Maybe it's enough to make this an error? It's not really clear what the above example means, and we really want to the user to rewrite to:

library(dplyr, warn.conflicts = FALSE)
lf <- dbplyr::lazy_frame(x = 1:5)

lf %>% 
  summarise(
    x1 = mean(x, na.rm = TRUE), 
    x2 = sum(x, na.rm = TRUE)
  ) %>% 
  mutate(x3 = x1 / x2)
#> <SQL>
#> SELECT `x1`, `x2`, `x1` / `x2` AS `x3`
#> FROM (SELECT AVG(`x`) AS `x1`, SUM(`x`) AS `x2`
#> FROM `df`) `dbplyr_xejwocofsh`

Created on 2019-03-14 by the reprex package (v0.2.1.9000)

doorisajar commented 5 years ago

The only confusing thing about this fix is that the "wrong" version still works in a non-dbplyr context, so the same code will work or not work if the data source changes. This makes it hard to prototype locally and then execute on a larger dataset through a backend.

Local reprex:

library(dplyr)
lf <- tibble(x = 1:5)

lf %>% 
  summarise(
    x1 = mean(x, na.rm = TRUE), 
    x2 = sum(x, na.rm = TRUE),
    x3 = x1 / x2
  ) 
#> # A tibble: 1 x 3
#>      x1    x2    x3
#>   <dbl> <int> <dbl>
#> 1     3    15   0.2

I can file a dplyr issue if the right thing to do is have the error thrown in the local context as well.

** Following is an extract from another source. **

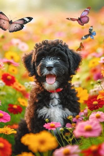 Portuguese Water Dog Puppy in a field of colorful flowers Notebook - Large 6 x 9 inches - 127 Pages

Edit: or does this fix cover both cases? That wasn't clear from looking at the commit.

hadley commented 5 years ago

I think it might make sense in R due to differing semantics. It is simply not feasible to make dplyr and a database agree for every possible input.